La sala de reuniones era un lugar frío, hecho de cristal y metal. Un ambiente perfecto para terminar una mentira de cinco años. Abigaíl entró primero. Había trabajado duro en su aspecto. Llevaba un traje de sastre negro, con cortes precisos que no mostraban nada, pero gritaban poder. Su nuevo pelo castaño caía liso, y sus ojos, que ya no tenían lágrimas, tenían una dureza que era nueva para ella.

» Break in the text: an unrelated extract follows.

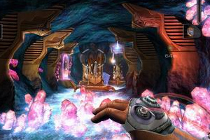 Die Suchmission führt euch durch metallisch sterile Labore, einen knallbunten Dschungel, eine Wasserwelt und auch ein Besuch auf dem Zentralplaneten des galaktischen Imperiums darf nicht fehlen. Dabei fallen sowohl die eigenwillig bunte Farbpalette als auch das Design auf. So findet ihr im Dschungel kräftige Farben und in den Laboren hängen seltsame organische Schläuche von den Decken – ziemlich bizarr. Längst nicht so gelungen ist der Aufbau der Levels: Ihr bewegt euch auf einer linearen Einbahnstraße, die preiswert aus eckigen Blöcken zusammengepuzzelt wurde. In der Dschungelwelt stößt dieses Baukastensystem nicht ganz so übel auf wie in den Innenräumen, nervig ist es aber allemal. Genau hier werden Erinnerungen an den Shooter Evolva wach, dort musste sich der Spieler nämlich durch ähnlich abgedrehte Levels kämpfen und wurde von bizarren Kreaturen überrascht.

Cuando Arthur entró con su abogado, Abigaíl no parpadeó. Él se veía mal. Su rostro estaba pálido y sus hombros caídos por la preocupación, el miedo de su abuelo y la rabia que sentía por la huida de Abigaíl. Intentó verla a los ojos, pero ella solo miraba el cristal de la mesa, como si él fuera invisible.

—Buenos días —dijo el abogado de Arthur con voz tensa.

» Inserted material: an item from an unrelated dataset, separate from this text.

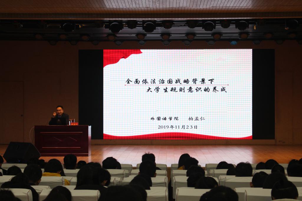 柏孟仁以"全面依法治国战略背景下,老员工规则意识的养成"为主题,结合各大社会事件,分别从遵纪守法、善于用法、新时代爱国等多个方面对新生进行思想教育。他提出,爱国主义是中华民族的民族心,民族魂,是中华民族的重要财富,作为新时代社会主义接班人,我们需要心怀祖国,永远爱国。接着,柏孟仁提出当代老员工在校期间应遵纪守法,敬业爱国。最后,柏孟仁与同学共同探讨了老员工活的意义,以独特的演讲方式赢得了在场师生的热烈掌声。在团课结束后,杨轶中就此次团课做了总结,对柏孟仁出席此次团课表示感谢,同学们积极回应。
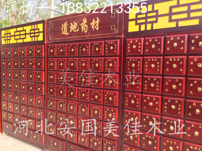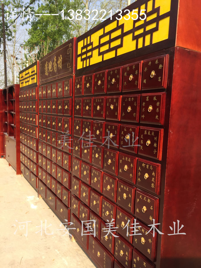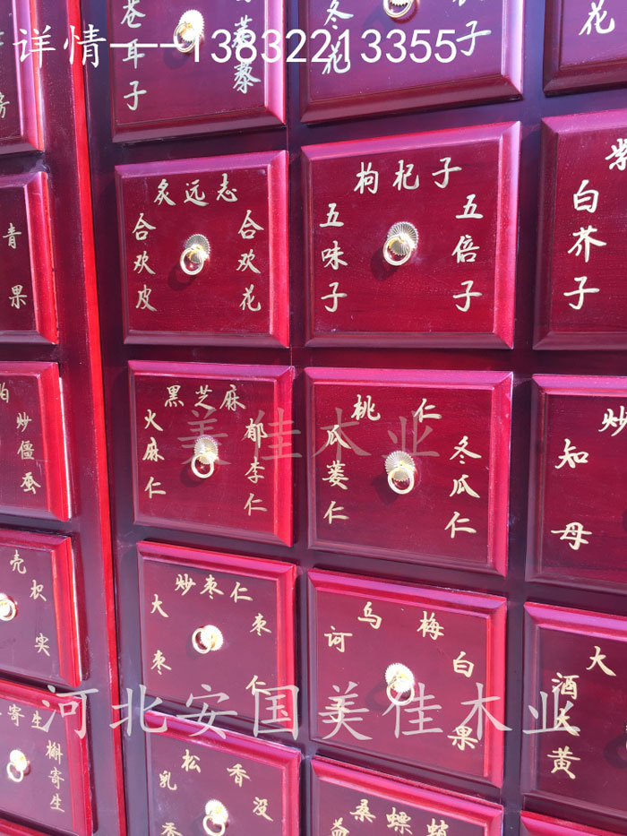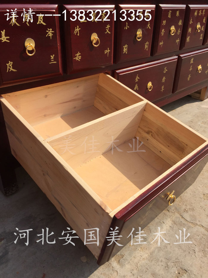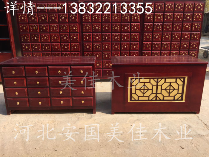 中藥柜尺寸---高220公分,寬150公分,厚60公分。抽屜面尺寸:寬18公分,高16公分。厚度18公分。中藥柜用料---框架和抽屜選用優質樟松木,抽屜下面有五合板封底,防串味,抽屜底選用七合板,中藥柜的后背兩側頂部選用七合板。中藥柜款式---橫六豎八款。橫著六個抽屜,豎著八層抽屜,較下面的三個大抽屜。根據客戶要求定做。中藥柜顏色---經典琥珀色花紋烤漆。燈箱外邊雕刻花型。中藥柜用漆---亮光或者半啞環保聚脂漆水房烤漆。中藥柜拉環---超精致純銅拉環。

—No necesitamos formalidades —Estela, la abogada y hermana de Abigaíl, fue directa. —Mi clienta solo necesita la firma del divorcio. Todo está en la mesa.

Arthur, al escuchar la voz fría de Abigaíl a través de su hermana, intentó hablar.

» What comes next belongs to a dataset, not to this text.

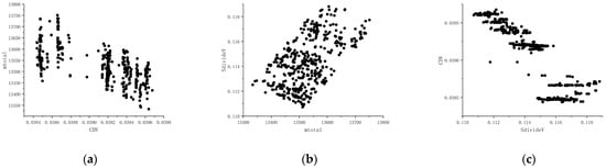 Plot (a) of Figure 17 describes the correlation coefficient of the airship area–volume ratio, , in which the correlation coefficient of the airship slenderness ratio is 0.51, indicating a moderate positive correlation. The correlation coefficient of airship length is −0.34, showing a weak negative correlation. The correlation coefficient of other parameters is less than 0.2, indicating no significant correlation. Among all the parameters, is the largest in absolute value. When considering the of airships, the design of should be given the highest priority. In this way, and should be designed subsequently because their correlation coefficient absolute values are secondary. Another parameter’s correlation coefficient is too small to influence the value of the airship in a certain way.

—Abigaíl, por favor, solo escúchame un momento. Sé que estás herida. Podemos hablar esto. ¡Tú eres mi esposa! —La última frase la dijo con una posesión enfermiza.

Estela le lanzó una mirada que lo hizo callar. Rafael, el otro abogado, empujó los documentos hacia él.

—Mi clienta no quiere hablar, Sr. Briston. Solo quiere su libertad. Rápido y en secreto. Si firma, todo termina hoy.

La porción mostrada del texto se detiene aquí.